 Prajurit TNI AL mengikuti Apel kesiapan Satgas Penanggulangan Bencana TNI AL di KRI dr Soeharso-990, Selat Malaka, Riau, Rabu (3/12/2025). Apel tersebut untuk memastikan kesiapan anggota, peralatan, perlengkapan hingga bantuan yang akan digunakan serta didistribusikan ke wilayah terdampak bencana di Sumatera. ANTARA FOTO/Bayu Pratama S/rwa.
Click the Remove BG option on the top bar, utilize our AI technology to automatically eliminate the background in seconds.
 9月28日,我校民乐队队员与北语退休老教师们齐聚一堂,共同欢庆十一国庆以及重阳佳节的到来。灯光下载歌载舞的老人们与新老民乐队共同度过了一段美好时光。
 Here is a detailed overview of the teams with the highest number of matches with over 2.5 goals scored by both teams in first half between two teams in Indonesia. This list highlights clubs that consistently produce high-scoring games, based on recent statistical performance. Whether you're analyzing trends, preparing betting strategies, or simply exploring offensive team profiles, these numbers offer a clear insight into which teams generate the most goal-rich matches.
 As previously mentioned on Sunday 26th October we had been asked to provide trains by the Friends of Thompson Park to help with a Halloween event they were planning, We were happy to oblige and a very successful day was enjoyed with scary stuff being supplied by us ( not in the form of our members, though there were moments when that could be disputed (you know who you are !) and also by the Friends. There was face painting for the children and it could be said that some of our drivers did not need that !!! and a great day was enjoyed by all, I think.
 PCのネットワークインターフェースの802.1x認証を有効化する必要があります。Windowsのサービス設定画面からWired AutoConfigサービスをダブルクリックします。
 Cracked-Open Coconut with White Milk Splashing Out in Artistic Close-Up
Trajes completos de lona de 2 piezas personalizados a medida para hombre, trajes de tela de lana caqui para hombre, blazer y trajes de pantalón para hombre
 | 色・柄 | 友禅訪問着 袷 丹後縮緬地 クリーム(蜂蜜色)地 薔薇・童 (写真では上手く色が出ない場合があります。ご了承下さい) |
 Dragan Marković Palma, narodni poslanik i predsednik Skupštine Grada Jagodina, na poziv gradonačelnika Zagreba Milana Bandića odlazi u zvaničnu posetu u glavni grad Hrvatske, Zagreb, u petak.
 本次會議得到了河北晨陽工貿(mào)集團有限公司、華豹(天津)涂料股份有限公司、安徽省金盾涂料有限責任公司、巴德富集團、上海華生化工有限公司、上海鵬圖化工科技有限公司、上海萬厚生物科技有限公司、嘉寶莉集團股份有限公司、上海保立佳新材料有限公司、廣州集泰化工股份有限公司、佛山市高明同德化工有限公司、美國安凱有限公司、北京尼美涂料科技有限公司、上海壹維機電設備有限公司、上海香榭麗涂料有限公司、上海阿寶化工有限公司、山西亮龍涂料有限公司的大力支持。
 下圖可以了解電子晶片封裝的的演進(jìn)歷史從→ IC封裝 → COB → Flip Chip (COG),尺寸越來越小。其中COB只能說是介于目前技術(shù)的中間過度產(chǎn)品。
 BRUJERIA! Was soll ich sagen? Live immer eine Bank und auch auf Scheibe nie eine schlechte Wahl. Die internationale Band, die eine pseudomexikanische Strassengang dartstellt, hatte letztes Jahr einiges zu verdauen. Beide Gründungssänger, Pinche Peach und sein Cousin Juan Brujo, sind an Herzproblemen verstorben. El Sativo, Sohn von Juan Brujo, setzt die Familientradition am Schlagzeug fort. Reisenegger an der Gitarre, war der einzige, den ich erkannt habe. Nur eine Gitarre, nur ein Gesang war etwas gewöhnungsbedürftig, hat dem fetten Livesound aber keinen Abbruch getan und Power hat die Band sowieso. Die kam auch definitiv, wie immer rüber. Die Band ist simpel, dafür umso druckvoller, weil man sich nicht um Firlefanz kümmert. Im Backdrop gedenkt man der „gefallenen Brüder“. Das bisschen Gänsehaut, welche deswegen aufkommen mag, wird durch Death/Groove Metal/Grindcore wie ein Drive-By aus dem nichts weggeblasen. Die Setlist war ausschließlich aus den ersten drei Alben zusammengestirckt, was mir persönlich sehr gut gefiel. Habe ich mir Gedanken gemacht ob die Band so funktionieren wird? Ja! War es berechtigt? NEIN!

#####

• **Task brief**
The lines to extract from the data above begin with the line containing "Trajes completos de" and end with the line containing "Dragan Marković Palma, narodni". Extract them exactly, including both.

• **Task answer**
Trajes completos de lona de 2 piezas personalizados a medida para hombre, trajes de tela de lana caqui para hombre, blazer y trajes de pantalón para hombre
 | 色・柄 | 友禅訪問着 袷 丹後縮緬地 クリーム(蜂蜜色)地 薔薇・童 (写真では上手く色が出ない場合があります。ご了承下さい) |
 Dragan Marković Palma, narodni poslanik i predsednik Skupštine Grada Jagodina, na poziv gradonačelnika Zagreba Milana Bandića odlazi u zvaničnu posetu u glavni grad Hrvatske, Zagreb, u petak.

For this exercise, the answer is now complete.